The movie made me want to revisit one of my favorite movies, also from that time, The Ruling Class with Peter O’Toole. The ornate house Harold lives in brought to mind the estate inherited by Jack, the fourteenth Earl of Gurney, and his predicament is similar, but opposite. His mother can’t deal with Harold’s love of death, while the relatives in The Ruling Class are rejecting Jack's embrace of life (since he also fashions himself to be a sort of hippie Jesus). Each one is “cured” in one way or another; watching the films back to back could be either a hopeful or horrifying double feature, depending on the order.

Rob

Monday, March 02, 2009

You Know... For Kids!

The Coen Brothers -- known at this blog as The Finest Filmmakers In All The Land -- have shot a commercial for Reality, the group pushing back against the coal industry's "clean coal" branding effort.

Thought you'd wanna see it.



Rob

Be Amazed!
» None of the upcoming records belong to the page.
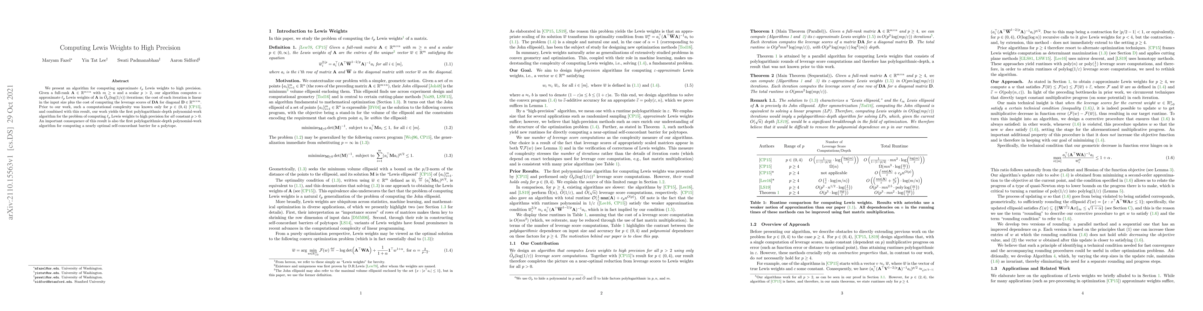 The paper presents an algorithm for computing approximate $\ell_p$ Lewis weights to high precision, utilizing a descent method with rounding steps for full-rank matrices $\mathbf{A} \in \mathbb{R}^{m \times n}$ where $m \geq n$ and for scalar $p > 2$.
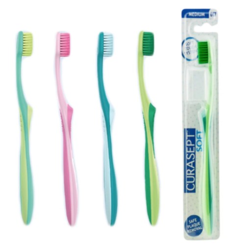 Curasept Medium 017 to szczoteczka do zębów o dużej liczbie miękkich włosków działa na zęby i dziąsła w sposób równomierny i delikatny, skutecznie i gruntownie usuwając płytkę nazębną na całej powierzchni. Dzięki technologii Soft Touch System szczoteczka Curasept Medium bardziej skutecznie usuwa i niszczy płytkę nazębną niż tradycyjne szczoteczki do zębów.
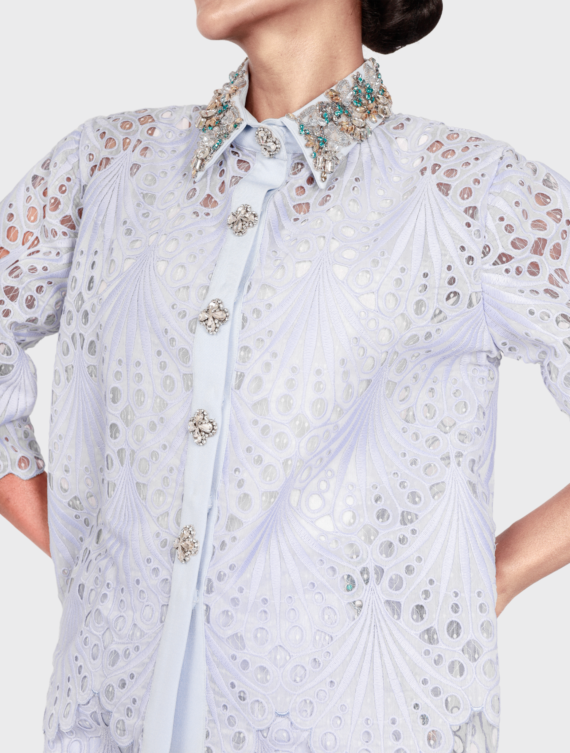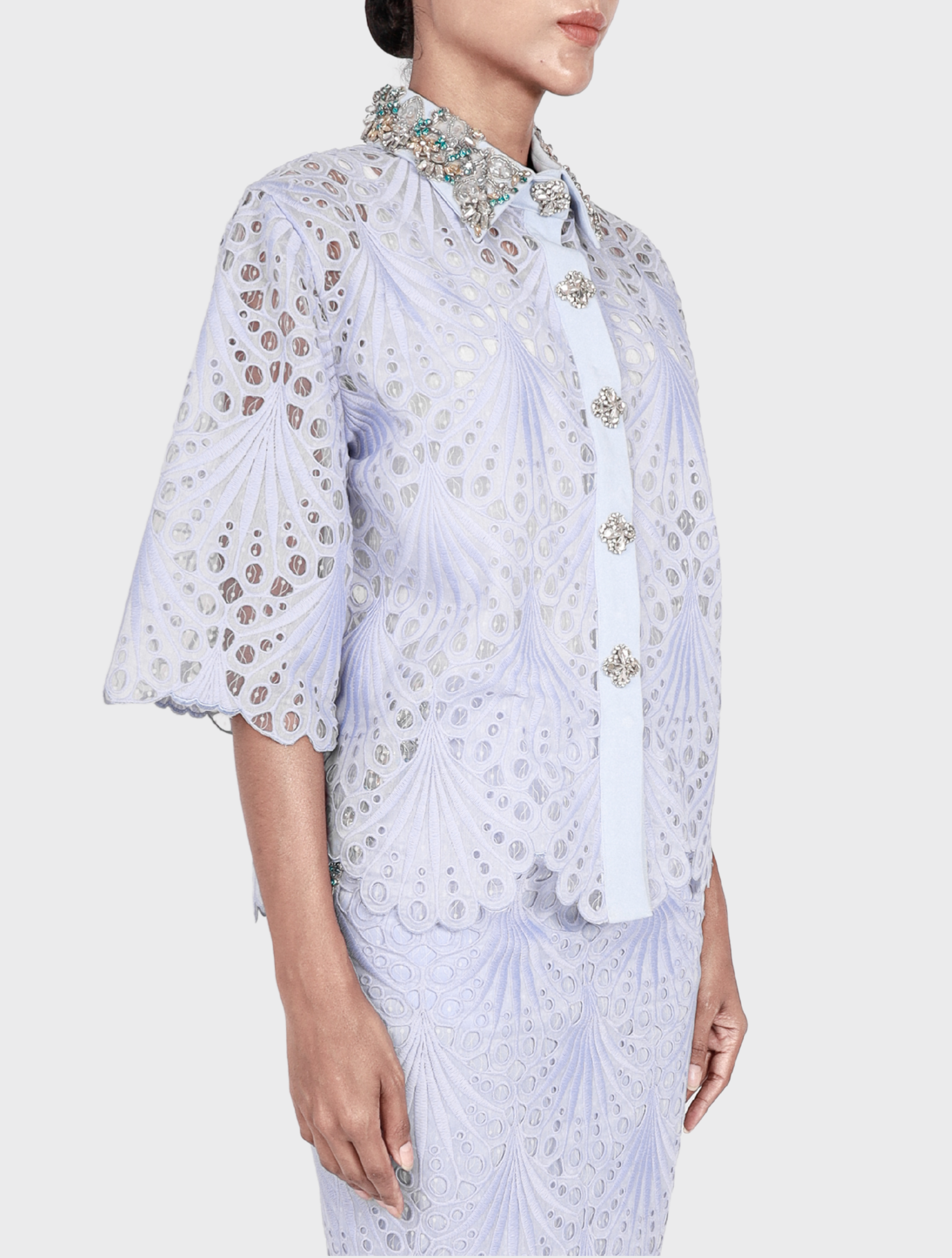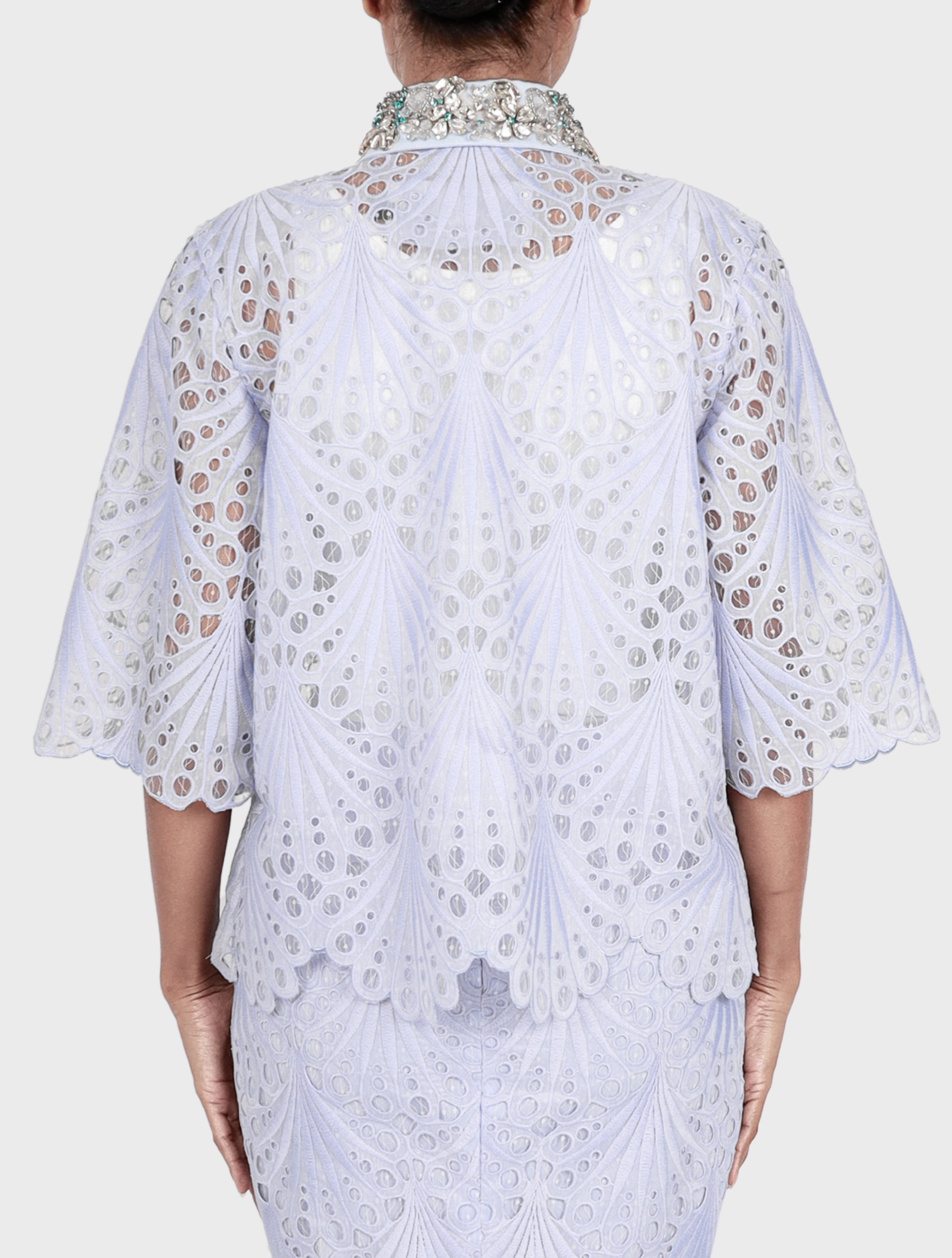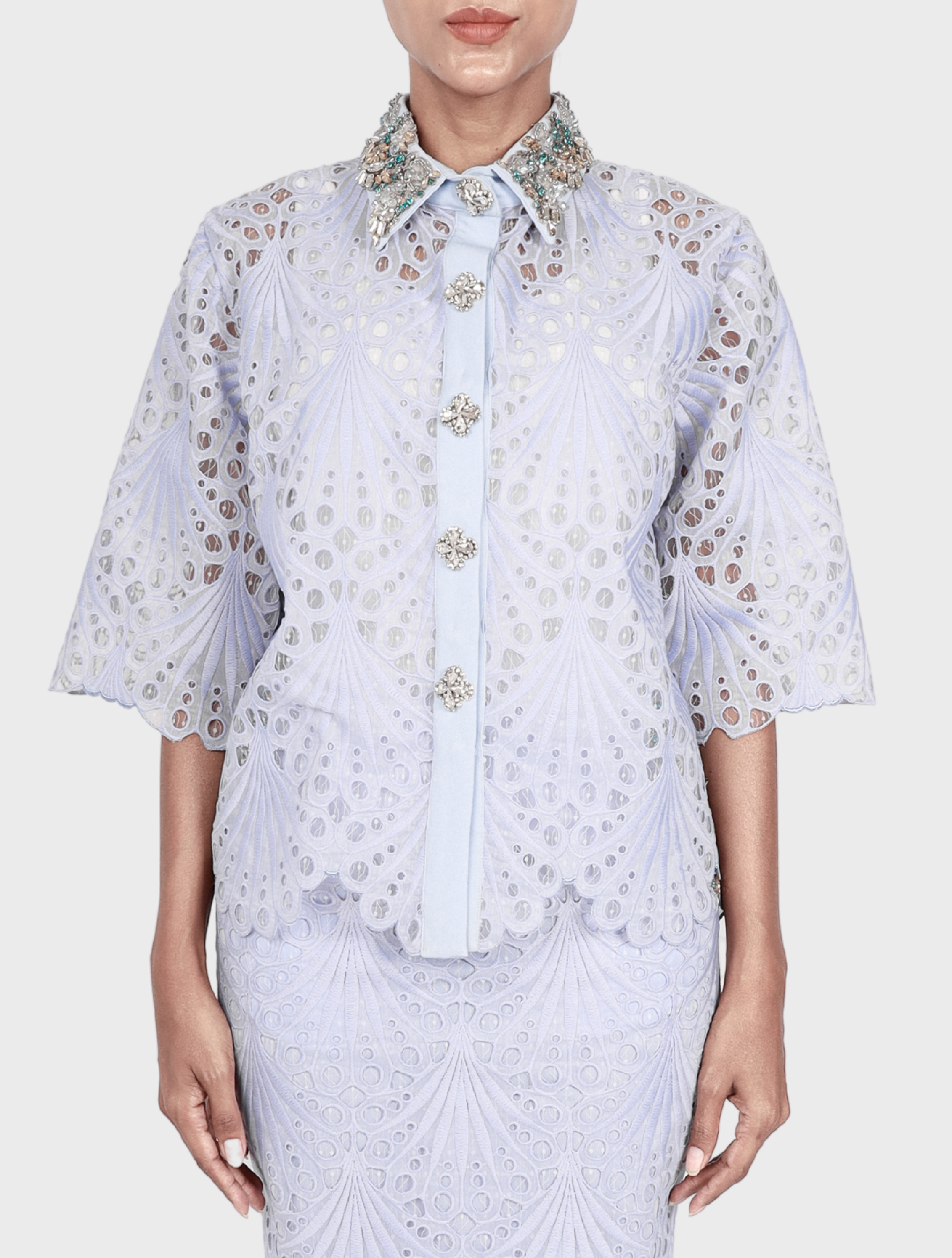 Roccapina in Indigo Blue stands out as a refined piece in our exclusive collection. Crafted from self-portrait guipure lace, it features an embellished collar, puff mesh glitter net sleeves with cuffs, and a hidden back zip with hook fastening. The comfort fit silhouette and mesh glitter net lining elevate its elegant appeal.

Watch As Rob Jumps Through Intellectual Hoops In Order To Justify Watching a Movie with Karate Kicks and Explosions!

I've finally found the answer to my Watchmen dilemma. I've been worried about the movie for a while -- not so much because I think it could suck (although it certainly could); I've been more worried that it'll be mediocre -- or even that it'll be good. I've been worried that the images I'll be exposed to through watching the movie will replace the images Moore and Gibbons fired into my brain back when I was in high school. Because of Zack Snyder's avowed fidelity to the source material, I'm actually worried that it will supplant the source material in my head.

I don't think the movie has to be particularly good to do this -- although the better it is, the greater the danger of this happening.

But instead of avoiding it wholesale, I've decided on another approach. Jean-Luc Godard wrote that the best way to criticize a movie is to make another movie, and I'm opting to think of Snyder's Watchmen in that way -- not as an adaptation of Moore & Gibbons's Watchmen, but a restaging of it. Sure, there'll be the visceral thrill of Dr. Manhattan striding across Vietnam, or
Nite Owl and Silk Spectre evacuating a burning building. That seems to be the engine the movie's built upon.

But in watching this restaging of the basic plot, what can I learn about the original? What's missing thematically, that stands out to me? What gets shed without me noticing? What do the emphasized elements say about the mass moviegoing audience versus the comic-book audience of 1985... and the hundreds of thousands of readers since then? I've read a lot of commentary on Watchmen (and even written some for a class a while back); that certainly informed my reading of the book, even if I didn't always agree with its conclusions. Why should a movie be any different?

I'm still going to worry that the next time I read Watchmen, I'll see some of the images from the movie, or hear the actor's voices. I don't want that. But, knowing me, Watchmen is a movie I'll likely watch once. It'll take more that to wipe the comic book images from my mind. They're as indelible as the charred shadow of lovers, embracing when the bomb hits.